_TASK DIRECTIONS_
In the material below, the lines from the one containing "このぐちゃぐちゃから探すのか" through the one containing "国境を越えたヨーロッパとアメ" are to be given again exactly, ends included, and no others.

═════ DATA SECTION

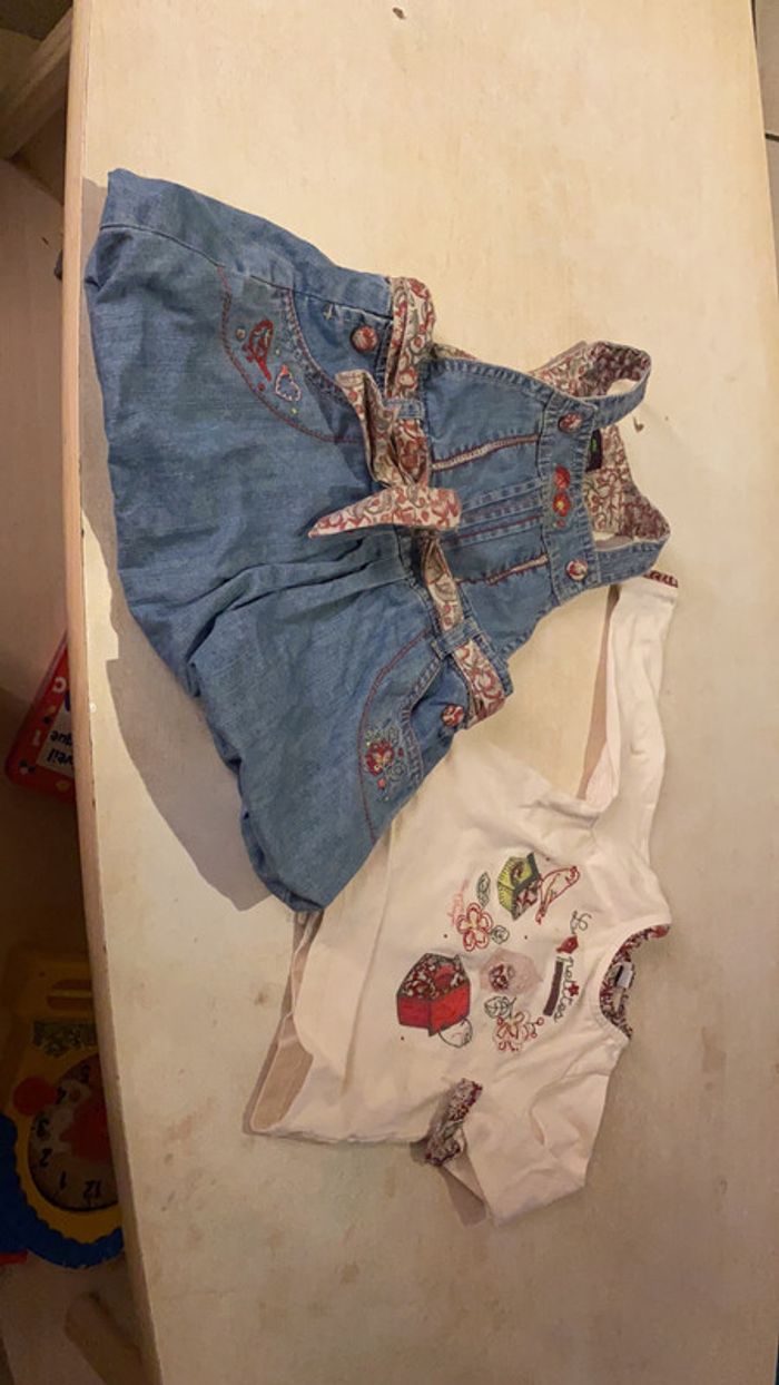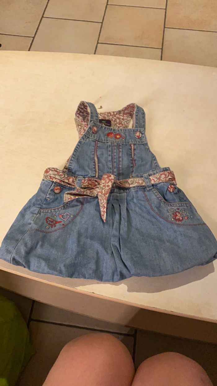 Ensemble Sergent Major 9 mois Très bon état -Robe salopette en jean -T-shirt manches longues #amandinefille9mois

══════════
═════ DATA SECTION

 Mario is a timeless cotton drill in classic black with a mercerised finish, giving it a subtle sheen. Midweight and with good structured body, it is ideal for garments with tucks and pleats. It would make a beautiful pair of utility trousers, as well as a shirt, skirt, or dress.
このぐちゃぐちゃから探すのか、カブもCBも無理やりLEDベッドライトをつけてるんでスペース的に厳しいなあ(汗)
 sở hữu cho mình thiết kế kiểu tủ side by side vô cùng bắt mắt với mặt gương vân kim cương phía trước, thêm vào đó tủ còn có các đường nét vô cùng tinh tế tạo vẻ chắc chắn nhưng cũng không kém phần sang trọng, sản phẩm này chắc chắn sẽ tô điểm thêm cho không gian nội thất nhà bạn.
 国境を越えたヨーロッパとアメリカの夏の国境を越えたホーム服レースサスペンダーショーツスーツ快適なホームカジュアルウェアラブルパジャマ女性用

══════════
═════ DATA SECTION

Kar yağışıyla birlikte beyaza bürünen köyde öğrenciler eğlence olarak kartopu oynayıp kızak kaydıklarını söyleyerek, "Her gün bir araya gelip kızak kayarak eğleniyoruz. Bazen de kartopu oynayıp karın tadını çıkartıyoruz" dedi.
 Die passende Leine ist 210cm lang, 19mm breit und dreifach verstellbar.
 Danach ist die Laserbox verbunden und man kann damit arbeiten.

══════════

_SOLVED PROBLEM_
このぐちゃぐちゃから探すのか、カブもCBも無理やりLEDベッドライトをつけてるんでスペース的に厳しいなあ(汗)
 sở hữu cho mình thiết kế kiểu tủ side by side vô cùng bắt mắt với mặt gương vân kim cương phía trước, thêm vào đó tủ còn có các đường nét vô cùng tinh tế tạo vẻ chắc chắn nhưng cũng không kém phần sang trọng, sản phẩm này chắc chắn sẽ tô điểm thêm cho không gian nội thất nhà bạn.
 国境を越えたヨーロッパとアメリカの夏の国境を越えたホーム服レースサスペンダーショーツスーツ快適なホームカジュアルウェアラブルパジャマ女性用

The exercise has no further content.